To clarify, by "when it rotates on that axis at any speed in any orientation" I am talking about putting the wheel on an axle in the same position and orientation as the spike on which it was resting. So, it's two different setups: the first resting horizontally on a spike which is where the axle will be positioned, the second with the wheel in a normal configuration on an axle, with the axle oriented in any direction. Sorry that was not very clear. 86.146.107.246 (talk) 21:01, 1 September 2012 (UTC)

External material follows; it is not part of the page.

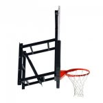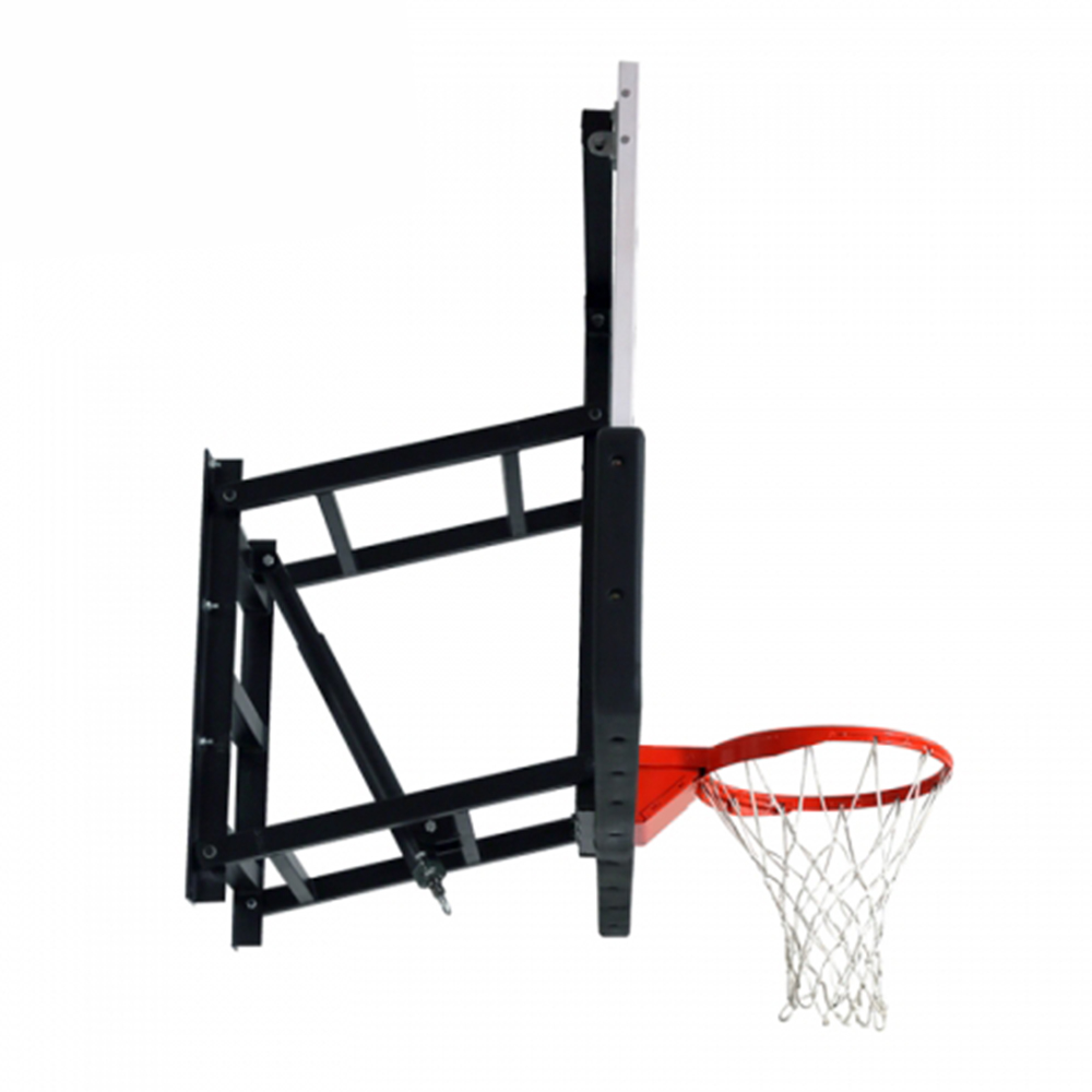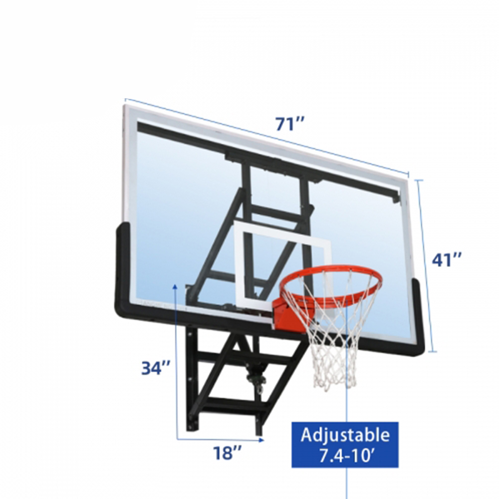 Monster series X3 wall mounted basketball goal offers wall mount adjustability indoors or out! height adjustment mechanism allows to adjust from 10′ to 7’4″ . To adjust, use a crank handle to release the height regulator. No tools or ladders required

A wheel running on a perfectly rigid axle fixed in space does not need any balance weights, as any twisting torque on the axle will be absorbed, by definistion. But a real wheel of finite width on a real axle can be a very different story. To see why, visualise two coupled wheels, near each other, on a common vertical axle. Let's say the lower wheel is perfectly balanced, but the upper wheel is not. As the wheels rotate, the lower one will have no effect on the axle, but the upper wheel will obviously try to displace the axle horizonatally, twisting it round. Therefore, a real wheel of a certain width may require balancing with more than one weight. For this reason, while most car tyres are balanced by adding a single weight to the inside of the rim, you sometimes see that the tyre fitter has used a larger weight on one side of the rim, and a smaller weight on the other side. A wheel that is unbalanced on the center plane (the plane orthogonal to the rotation axis) causes a paralllel displacement of the axle. It is called static unbalance because it can be detected in situ without continuous rotation. A wheel having an unbalance mass to one side of the center plane causes a twisting force on the axle - this is called dynamic unbalance. Wickwack58.167.241.235 (talk) 02:43, 2 September 2012 (UTC)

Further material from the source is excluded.